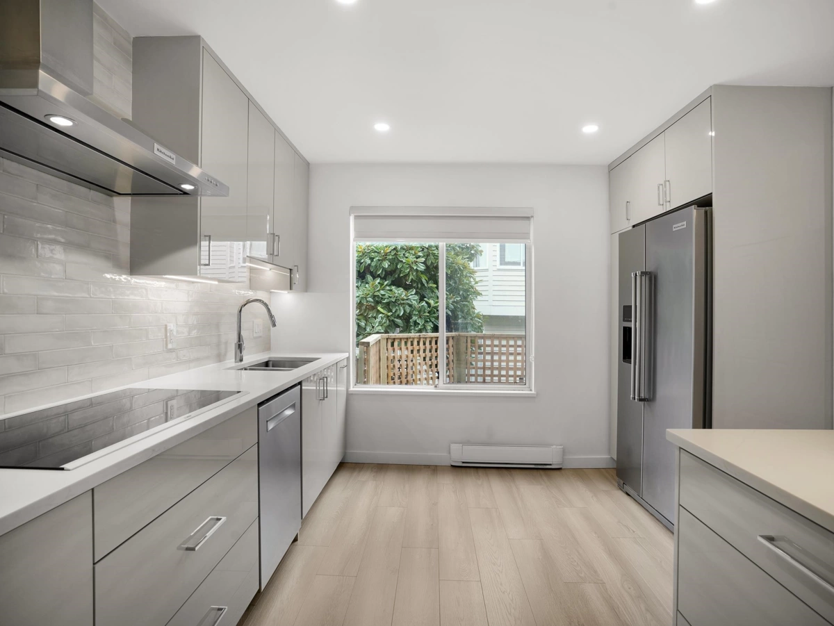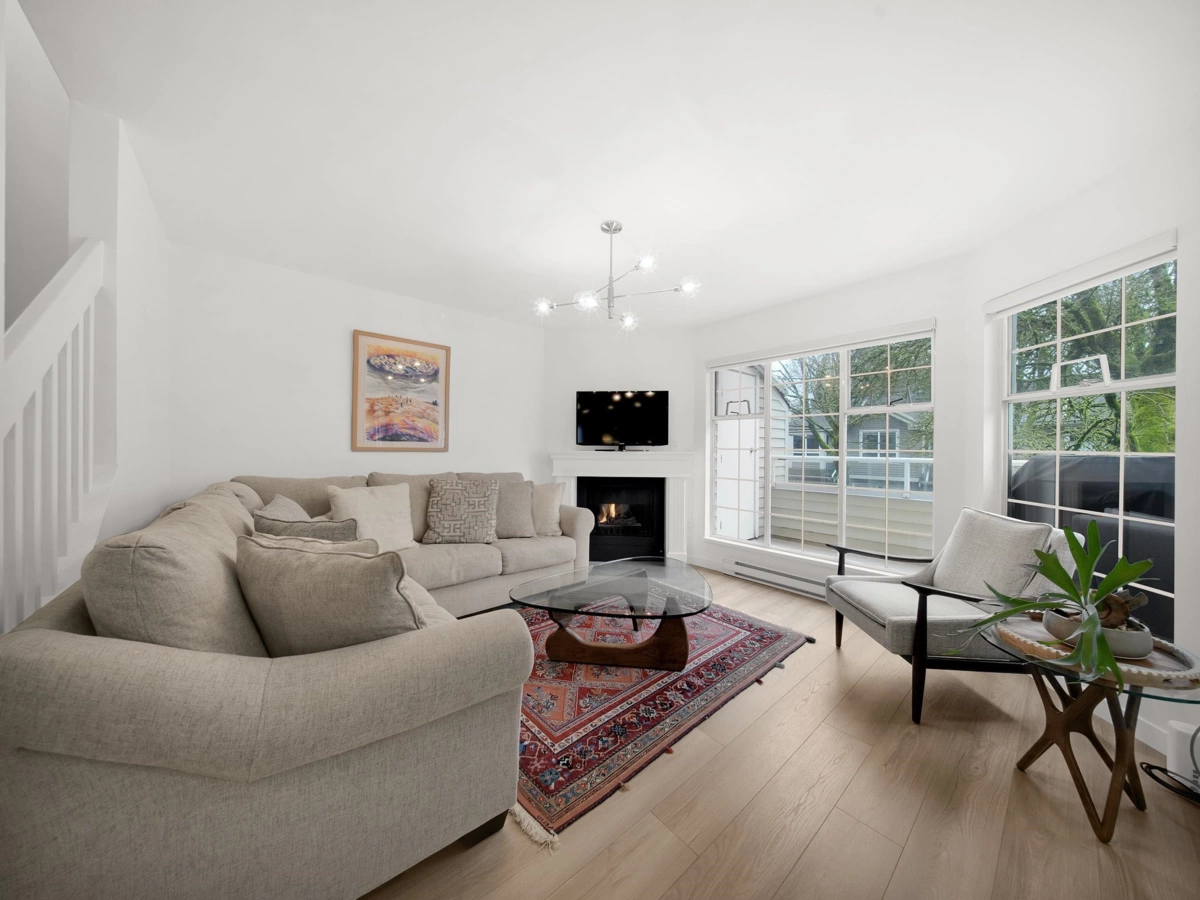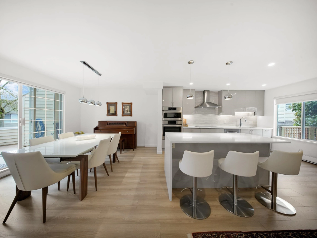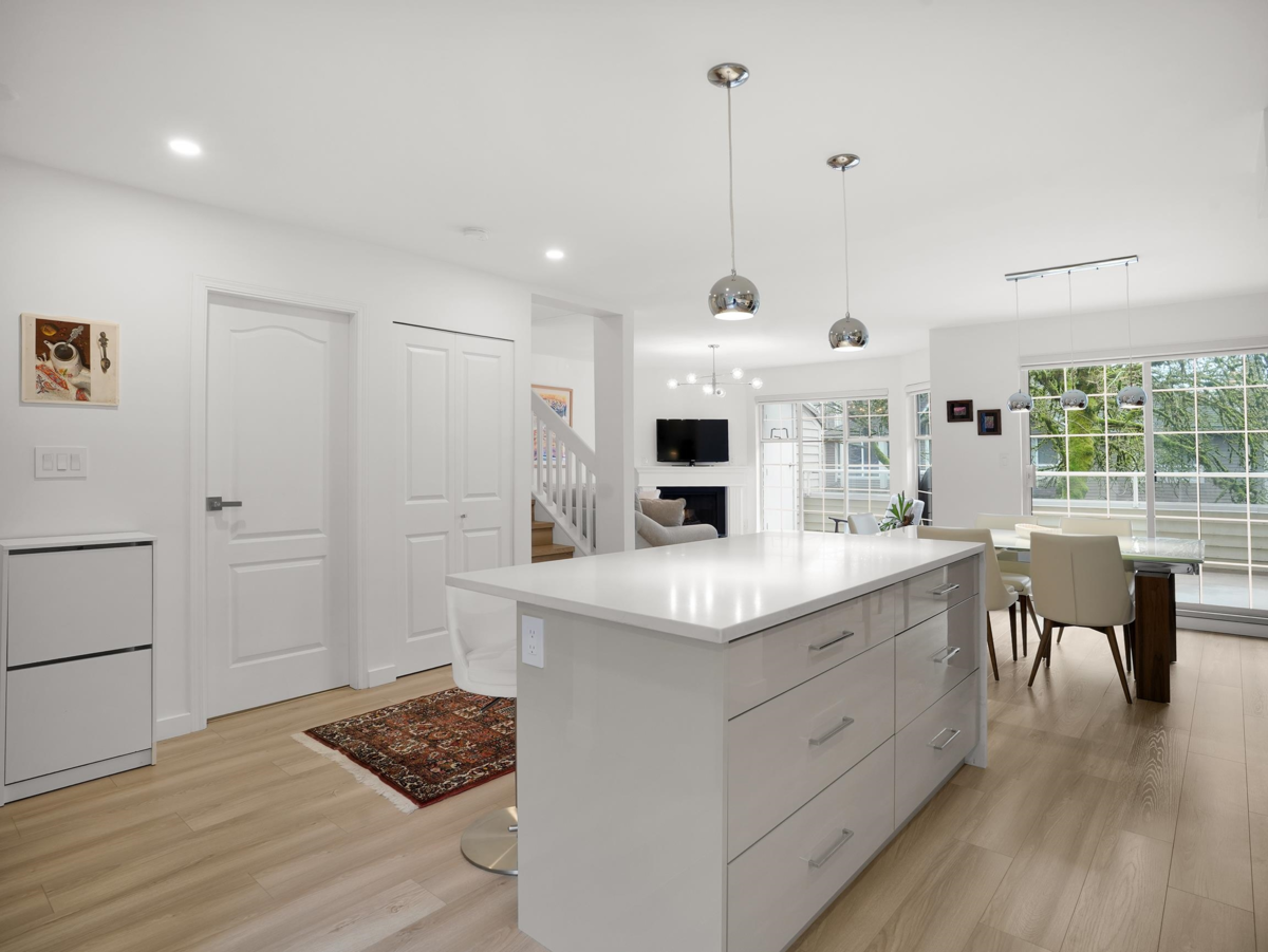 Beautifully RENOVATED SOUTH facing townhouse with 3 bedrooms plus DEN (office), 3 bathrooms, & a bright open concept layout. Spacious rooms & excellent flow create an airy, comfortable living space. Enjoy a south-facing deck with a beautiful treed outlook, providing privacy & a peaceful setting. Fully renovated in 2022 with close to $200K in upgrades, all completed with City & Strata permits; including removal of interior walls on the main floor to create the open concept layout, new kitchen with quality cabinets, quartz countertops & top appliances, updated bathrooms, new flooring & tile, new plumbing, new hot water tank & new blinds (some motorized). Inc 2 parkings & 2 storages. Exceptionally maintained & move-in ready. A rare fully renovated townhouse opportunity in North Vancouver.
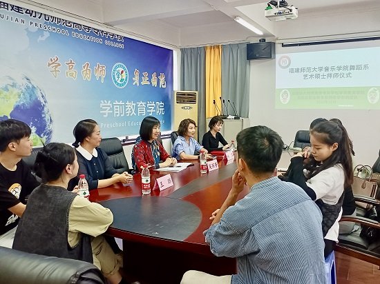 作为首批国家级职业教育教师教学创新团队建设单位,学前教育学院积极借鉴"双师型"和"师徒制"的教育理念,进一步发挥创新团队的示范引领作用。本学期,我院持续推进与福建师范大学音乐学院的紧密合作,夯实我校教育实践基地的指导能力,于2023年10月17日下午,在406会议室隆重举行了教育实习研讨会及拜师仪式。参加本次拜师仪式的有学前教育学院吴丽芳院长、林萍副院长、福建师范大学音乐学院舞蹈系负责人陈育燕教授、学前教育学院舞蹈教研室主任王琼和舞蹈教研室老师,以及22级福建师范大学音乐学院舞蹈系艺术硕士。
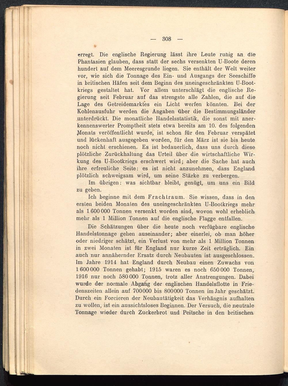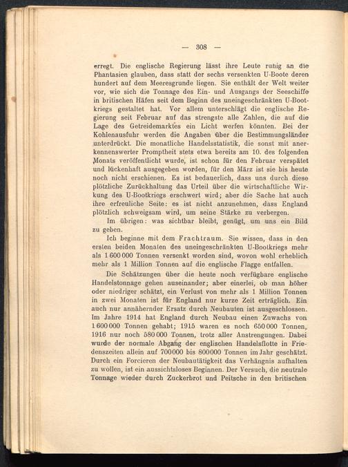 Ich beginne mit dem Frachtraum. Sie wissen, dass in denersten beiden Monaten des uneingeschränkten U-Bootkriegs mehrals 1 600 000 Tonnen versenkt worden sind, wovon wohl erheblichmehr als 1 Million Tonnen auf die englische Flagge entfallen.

[YOUR INSTRUCTIONS]
For this exercise, restate the material exactly and skip every picture.

[TASK ANSWER]
 Beautifully RENOVATED SOUTH facing townhouse with 3 bedrooms plus DEN (office), 3 bathrooms, & a bright open concept layout. Spacious rooms & excellent flow create an airy, comfortable living space. Enjoy a south-facing deck with a beautiful treed outlook, providing privacy & a peaceful setting. Fully renovated in 2022 with close to $200K in upgrades, all completed with City & Strata permits; including removal of interior walls on the main floor to create the open concept layout, new kitchen with quality cabinets, quartz countertops & top appliances, updated bathrooms, new flooring & tile, new plumbing, new hot water tank & new blinds (some motorized). Inc 2 parkings & 2 storages. Exceptionally maintained & move-in ready. A rare fully renovated townhouse opportunity in North Vancouver.
 作为首批国家级职业教育教师教学创新团队建设单位,学前教育学院积极借鉴"双师型"和"师徒制"的教育理念,进一步发挥创新团队的示范引领作用。本学期,我院持续推进与福建师范大学音乐学院的紧密合作,夯实我校教育实践基地的指导能力,于2023年10月17日下午,在406会议室隆重举行了教育实习研讨会及拜师仪式。参加本次拜师仪式的有学前教育学院吴丽芳院长、林萍副院长、福建师范大学音乐学院舞蹈系负责人陈育燕教授、学前教育学院舞蹈教研室主任王琼和舞蹈教研室老师,以及22级福建师范大学音乐学院舞蹈系艺术硕士。
 Ich beginne mit dem Frachtraum. Sie wissen, dass in denersten beiden Monaten des uneingeschränkten U-Bootkriegs mehrals 1 600 000 Tonnen versenkt worden sind, wovon wohl erheblichmehr als 1 Million Tonnen auf die englische Flagge entfallen.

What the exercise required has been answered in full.